*Prompt*: When you copy from the entries that follow, take only the lines from the one with "Tighten the cylinder" down to the one with "四川康藏路橋有限責(zé)任", keeping both ends and dropping every picture.
----- Records
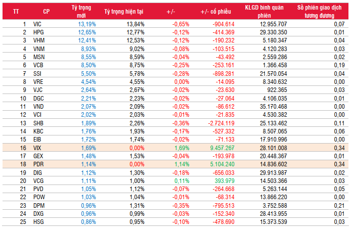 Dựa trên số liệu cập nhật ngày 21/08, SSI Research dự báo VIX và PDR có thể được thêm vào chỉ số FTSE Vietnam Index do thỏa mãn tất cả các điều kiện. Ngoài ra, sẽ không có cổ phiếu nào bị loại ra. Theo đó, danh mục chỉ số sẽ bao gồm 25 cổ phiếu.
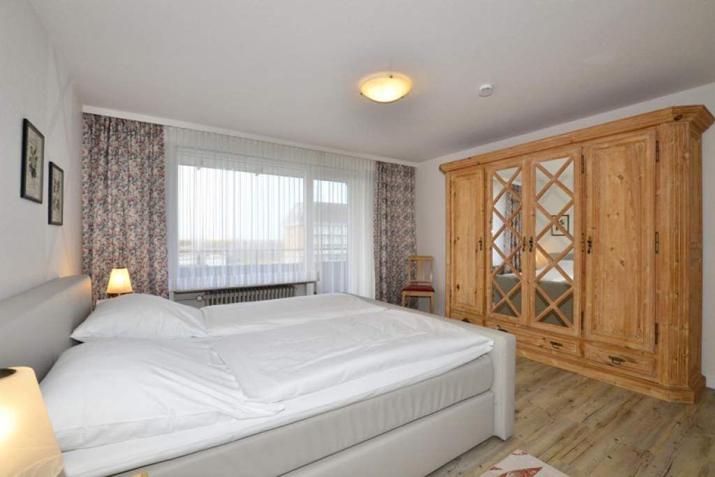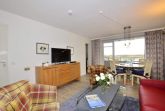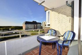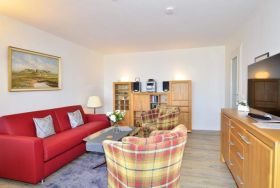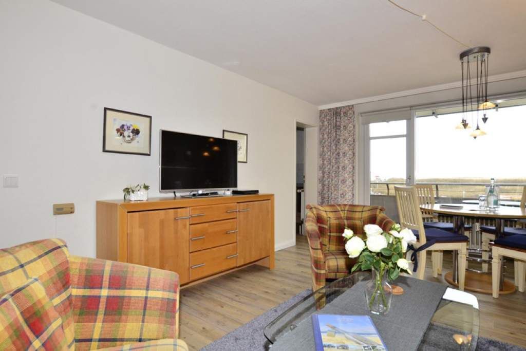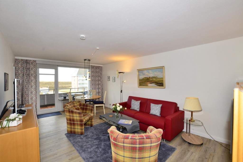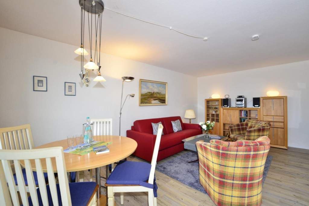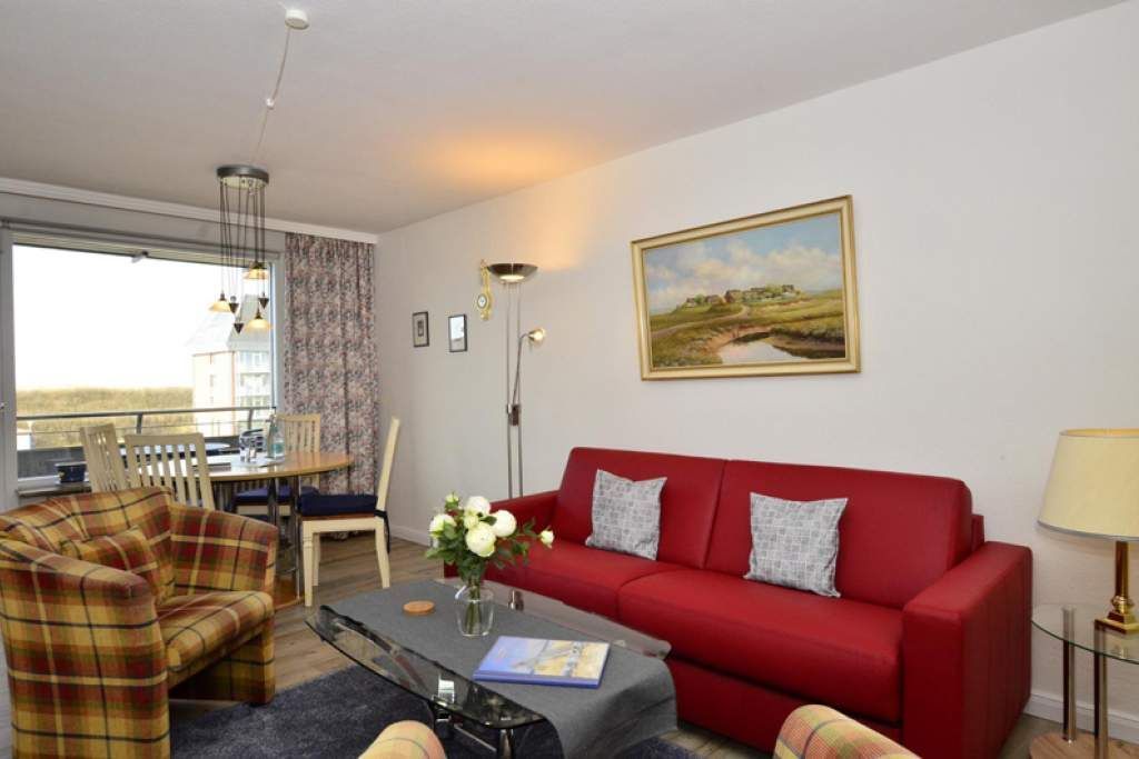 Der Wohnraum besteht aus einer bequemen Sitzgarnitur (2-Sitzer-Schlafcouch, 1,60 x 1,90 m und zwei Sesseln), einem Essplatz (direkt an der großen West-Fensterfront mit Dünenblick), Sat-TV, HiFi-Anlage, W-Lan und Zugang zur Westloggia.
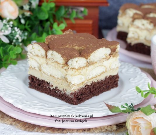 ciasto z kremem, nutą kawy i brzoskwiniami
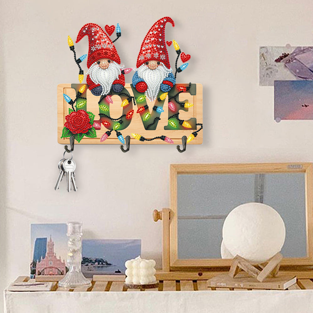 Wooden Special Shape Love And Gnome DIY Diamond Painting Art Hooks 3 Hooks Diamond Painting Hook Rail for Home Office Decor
----------
----- Records
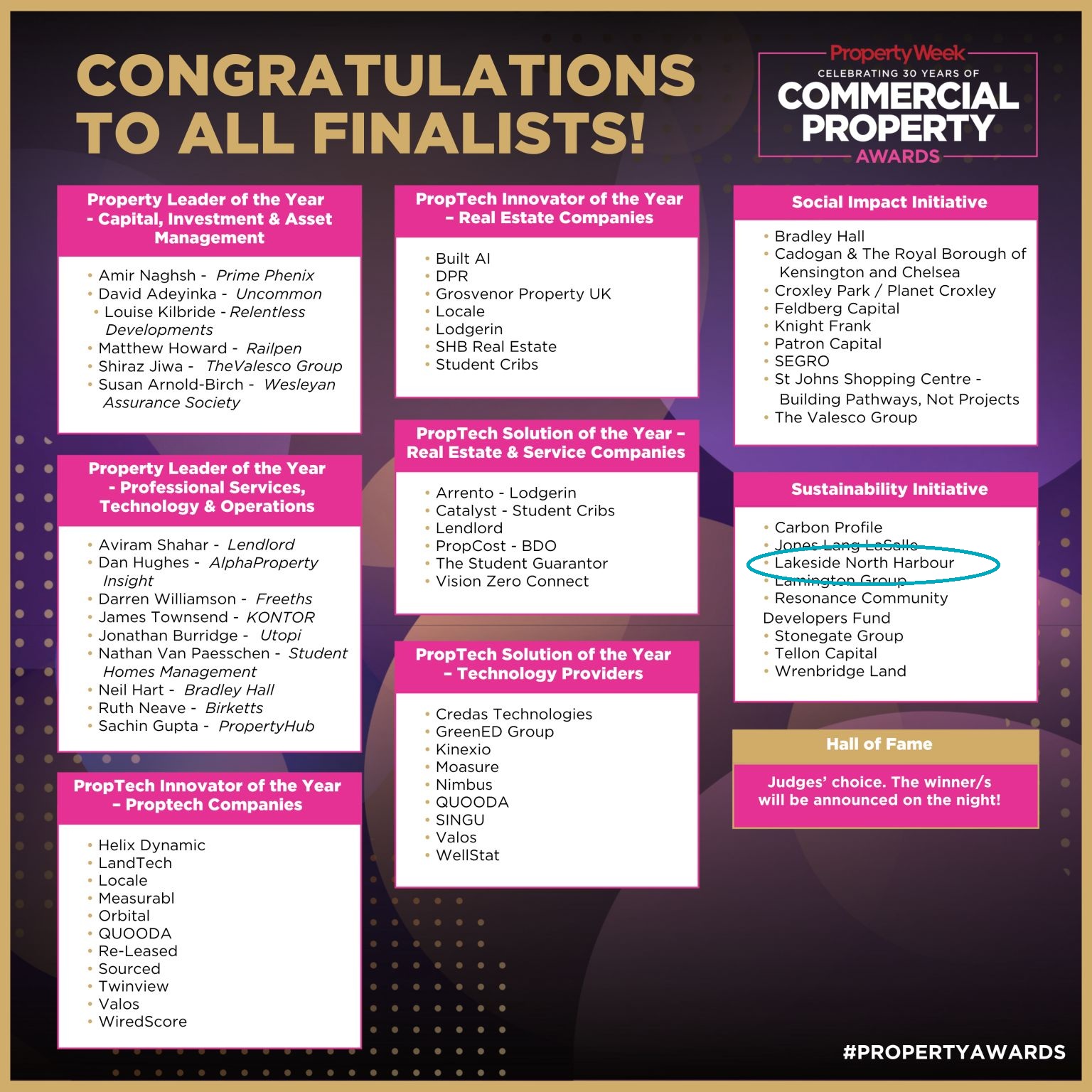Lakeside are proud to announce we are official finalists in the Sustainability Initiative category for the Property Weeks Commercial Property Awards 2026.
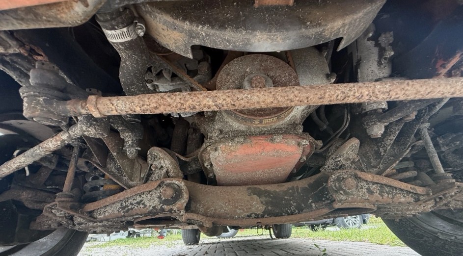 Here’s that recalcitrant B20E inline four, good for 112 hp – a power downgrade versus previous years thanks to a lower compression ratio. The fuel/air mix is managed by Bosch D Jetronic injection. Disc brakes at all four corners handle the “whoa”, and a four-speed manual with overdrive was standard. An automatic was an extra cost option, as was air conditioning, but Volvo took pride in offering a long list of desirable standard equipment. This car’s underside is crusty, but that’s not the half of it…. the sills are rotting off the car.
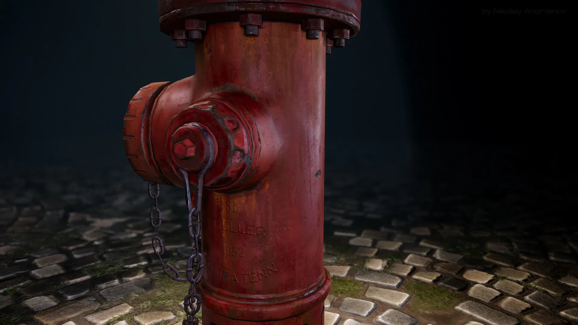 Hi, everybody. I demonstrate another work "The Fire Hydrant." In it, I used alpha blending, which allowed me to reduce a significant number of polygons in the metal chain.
----------
----- Records
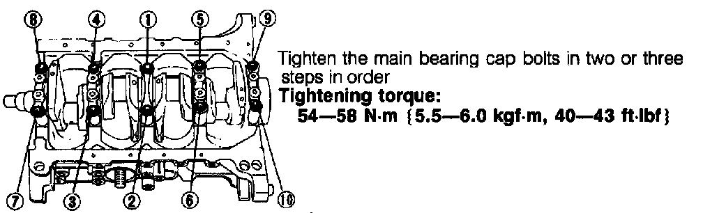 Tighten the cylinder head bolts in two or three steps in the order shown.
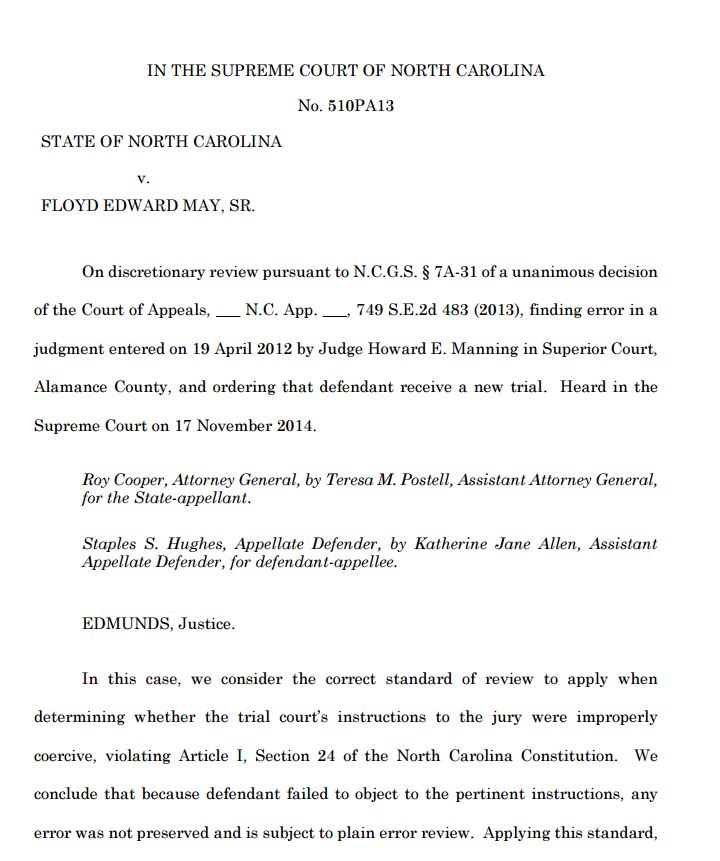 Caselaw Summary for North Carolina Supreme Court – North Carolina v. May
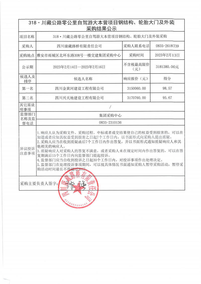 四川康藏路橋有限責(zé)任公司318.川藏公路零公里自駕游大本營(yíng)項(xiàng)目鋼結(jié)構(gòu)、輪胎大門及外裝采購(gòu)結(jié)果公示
----------
*Finished task*:
 Tighten the cylinder head bolts in two or three steps in the order shown.
 Caselaw Summary for North Carolina Supreme Court – North Carolina v. May
 四川康藏路橋有限責(zé)任公司318.川藏公路零公里自駕游大本營(yíng)項(xiàng)目鋼結(jié)構(gòu)、輪胎大門及外裝采購(gòu)結(jié)果公示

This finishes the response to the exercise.